§ What is needed: The answer should contain only the lines from the beginning of the entries through the line that holds "Black folding wallet", given again exactly, with no pictures.

§ Material to process:
- Opening Delimiter -

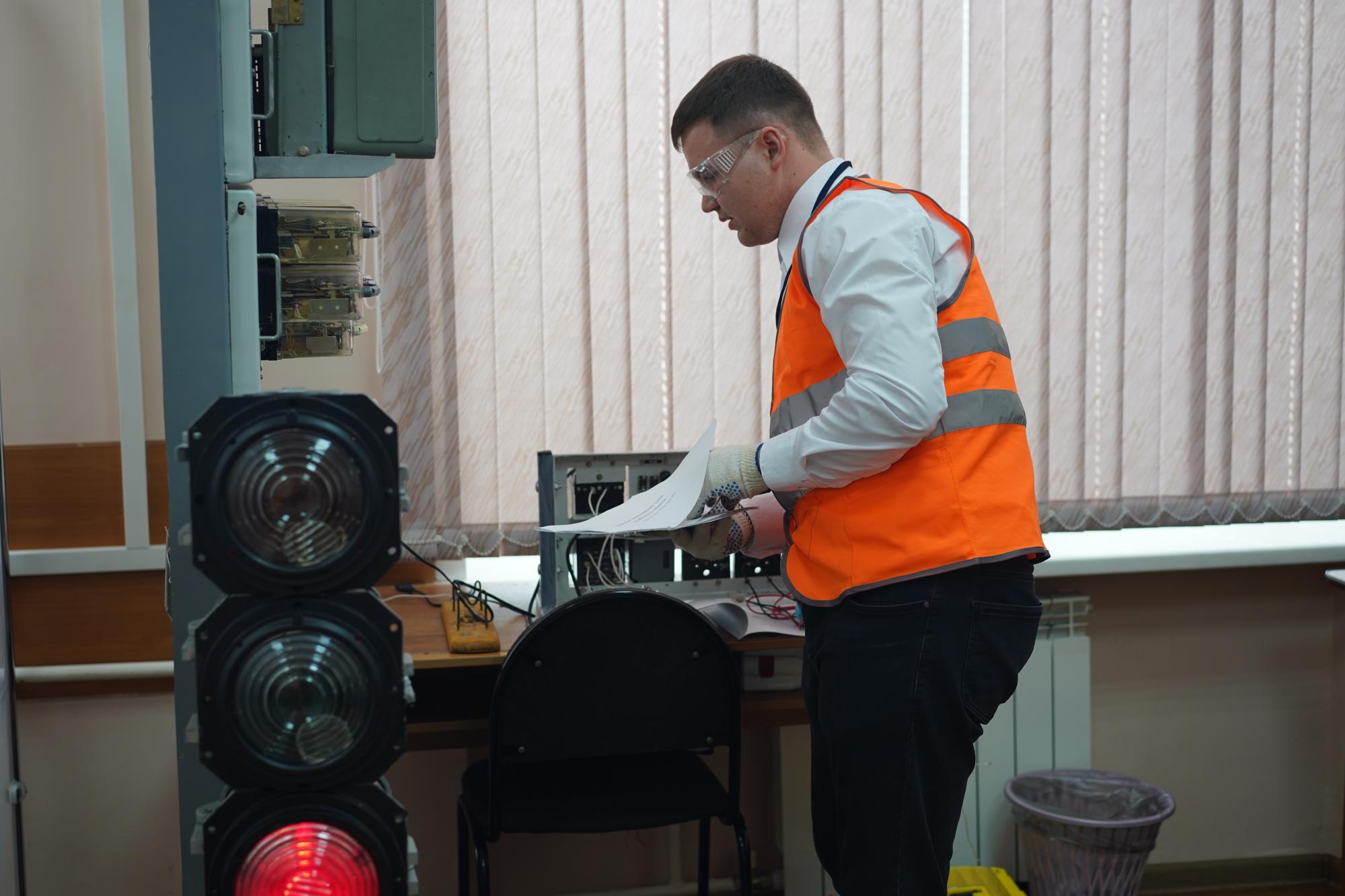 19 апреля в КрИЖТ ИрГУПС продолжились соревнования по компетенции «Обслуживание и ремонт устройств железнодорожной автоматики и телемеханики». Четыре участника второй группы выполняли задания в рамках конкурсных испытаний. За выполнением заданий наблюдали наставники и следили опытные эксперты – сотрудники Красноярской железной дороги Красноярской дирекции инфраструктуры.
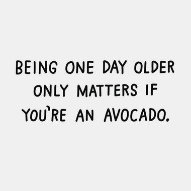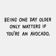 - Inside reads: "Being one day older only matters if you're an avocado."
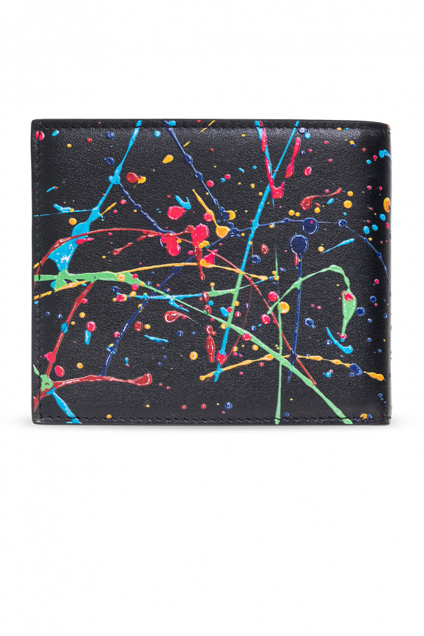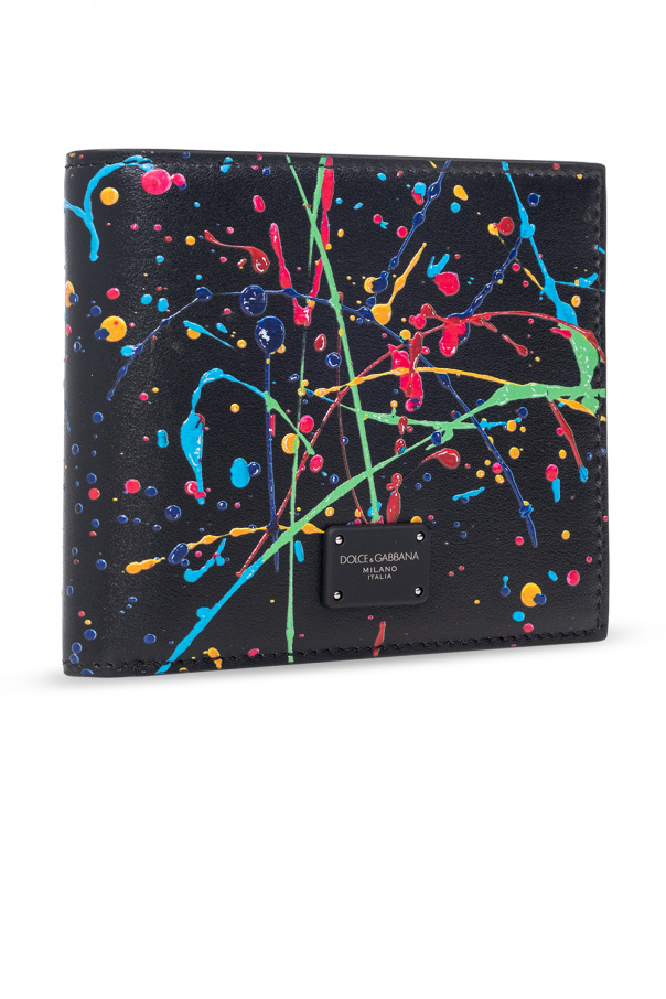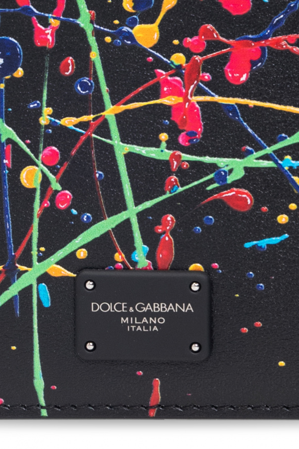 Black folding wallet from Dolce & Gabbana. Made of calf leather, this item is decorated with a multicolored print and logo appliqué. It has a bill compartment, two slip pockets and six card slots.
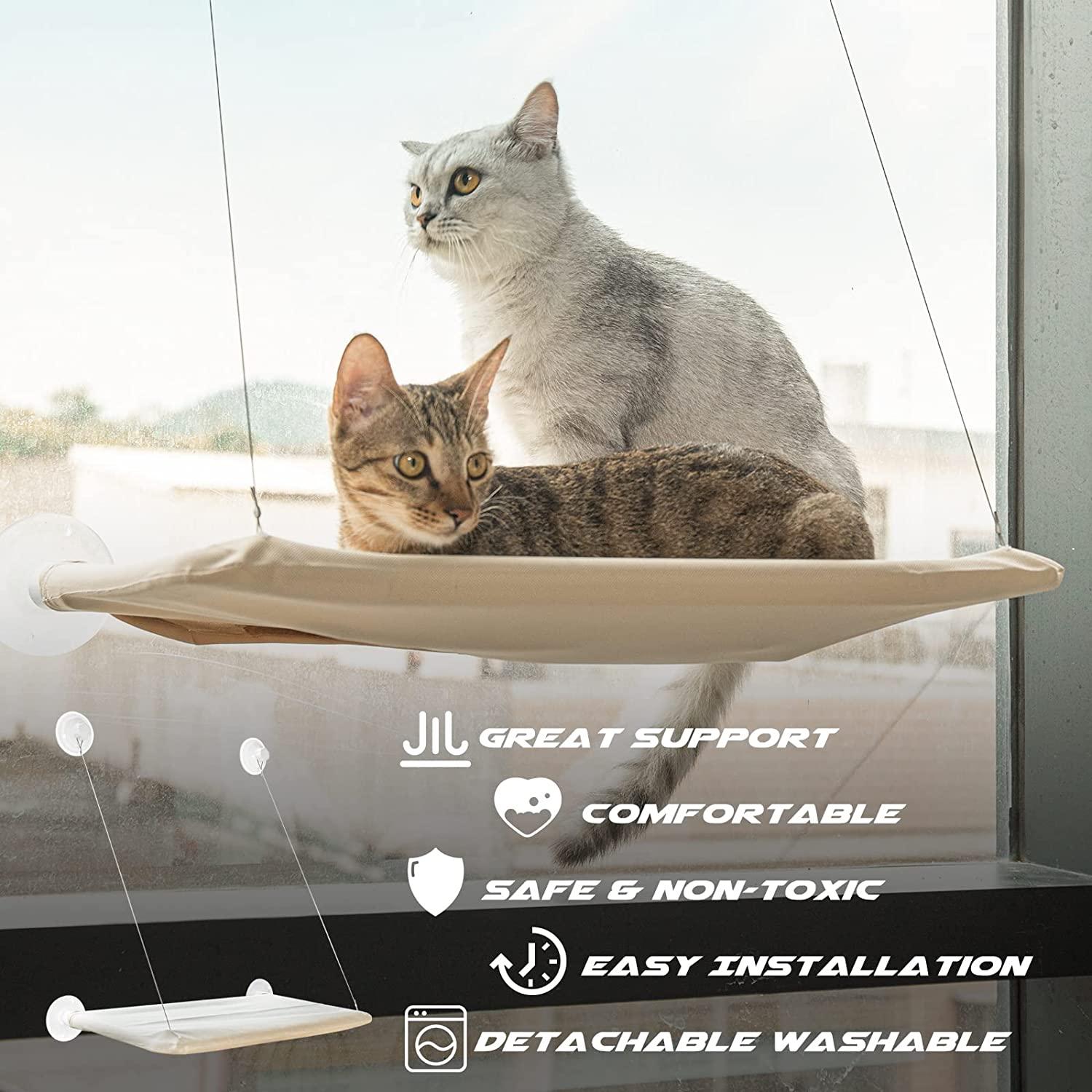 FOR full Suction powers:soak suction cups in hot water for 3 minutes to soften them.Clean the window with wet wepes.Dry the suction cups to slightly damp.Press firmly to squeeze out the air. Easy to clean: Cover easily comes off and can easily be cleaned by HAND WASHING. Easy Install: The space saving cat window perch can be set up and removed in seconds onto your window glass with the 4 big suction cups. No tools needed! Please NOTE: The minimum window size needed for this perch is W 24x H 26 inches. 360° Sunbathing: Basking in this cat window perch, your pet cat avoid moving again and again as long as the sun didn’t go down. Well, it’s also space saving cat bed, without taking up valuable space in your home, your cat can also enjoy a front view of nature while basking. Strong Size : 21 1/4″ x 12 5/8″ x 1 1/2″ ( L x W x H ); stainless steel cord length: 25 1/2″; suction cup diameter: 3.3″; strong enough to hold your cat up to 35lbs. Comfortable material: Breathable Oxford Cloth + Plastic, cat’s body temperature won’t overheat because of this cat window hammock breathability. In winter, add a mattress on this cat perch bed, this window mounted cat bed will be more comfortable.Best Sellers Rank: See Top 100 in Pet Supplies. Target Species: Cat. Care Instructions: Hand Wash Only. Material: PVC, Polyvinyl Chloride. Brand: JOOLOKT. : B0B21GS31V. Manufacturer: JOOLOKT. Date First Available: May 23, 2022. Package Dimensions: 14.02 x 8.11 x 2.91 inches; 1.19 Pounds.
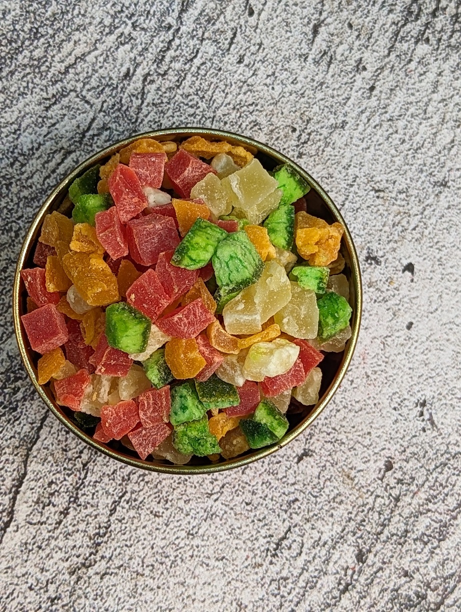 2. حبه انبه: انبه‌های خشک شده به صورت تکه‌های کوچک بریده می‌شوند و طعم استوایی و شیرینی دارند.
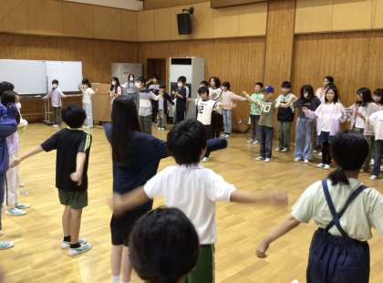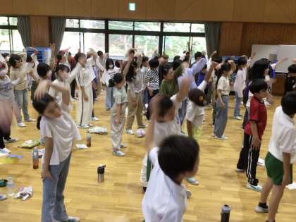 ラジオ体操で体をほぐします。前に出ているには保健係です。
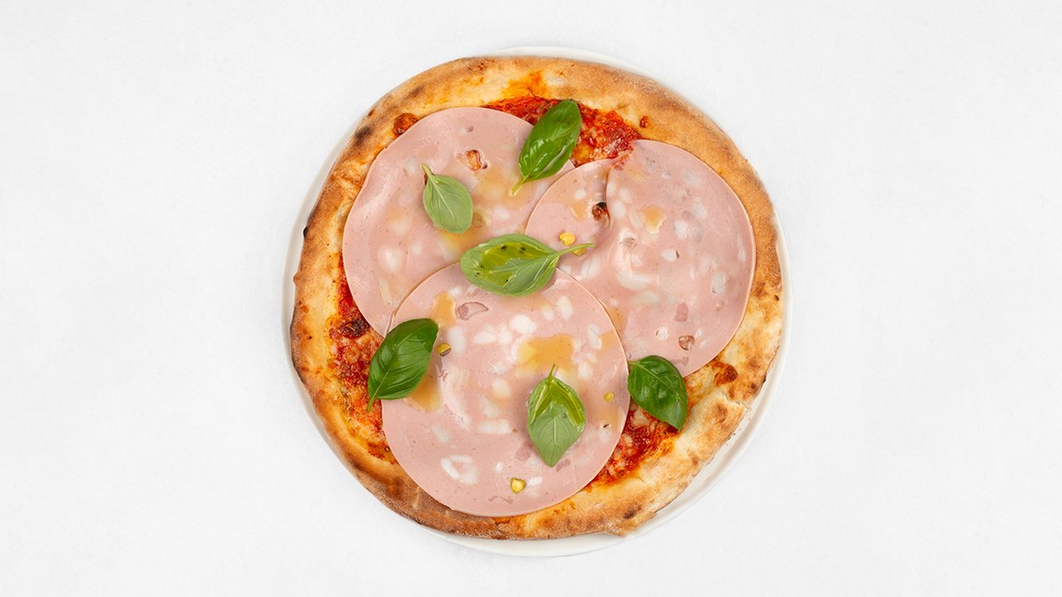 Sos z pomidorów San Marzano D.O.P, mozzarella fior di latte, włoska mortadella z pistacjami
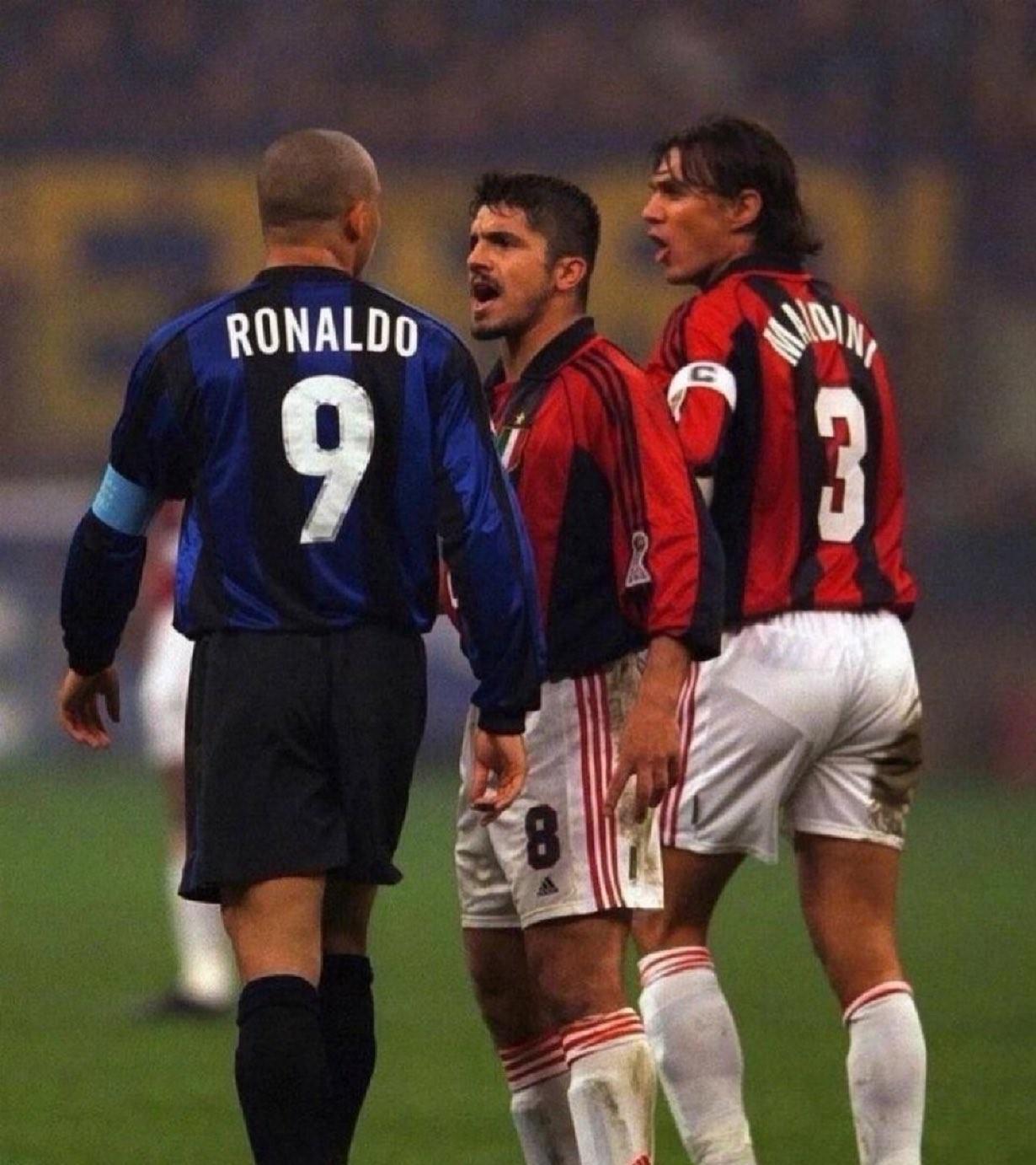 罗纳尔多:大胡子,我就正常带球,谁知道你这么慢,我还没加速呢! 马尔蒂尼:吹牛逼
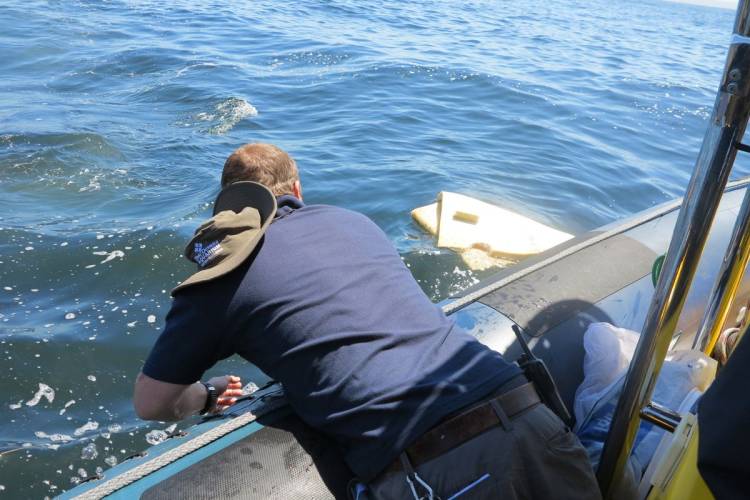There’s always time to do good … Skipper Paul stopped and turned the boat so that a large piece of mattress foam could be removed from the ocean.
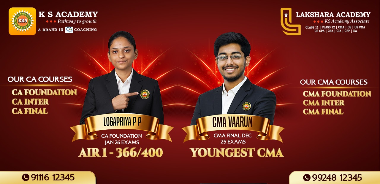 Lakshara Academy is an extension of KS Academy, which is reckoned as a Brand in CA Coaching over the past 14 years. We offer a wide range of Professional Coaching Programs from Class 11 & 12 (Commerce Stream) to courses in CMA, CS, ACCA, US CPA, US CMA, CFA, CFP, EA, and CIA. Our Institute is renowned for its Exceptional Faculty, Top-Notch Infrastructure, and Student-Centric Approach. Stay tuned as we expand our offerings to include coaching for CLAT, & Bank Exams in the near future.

- Closing Delimiter -

§ Written solution:
 19 апреля в КрИЖТ ИрГУПС продолжились соревнования по компетенции «Обслуживание и ремонт устройств железнодорожной автоматики и телемеханики». Четыре участника второй группы выполняли задания в рамках конкурсных испытаний. За выполнением заданий наблюдали наставники и следили опытные эксперты – сотрудники Красноярской железной дороги Красноярской дирекции инфраструктуры.
 - Inside reads: "Being one day older only matters if you're an avocado."
 Black folding wallet from Dolce & Gabbana. Made of calf leather, this item is decorated with a multicolored print and logo appliqué. It has a bill compartment, two slip pockets and six card slots.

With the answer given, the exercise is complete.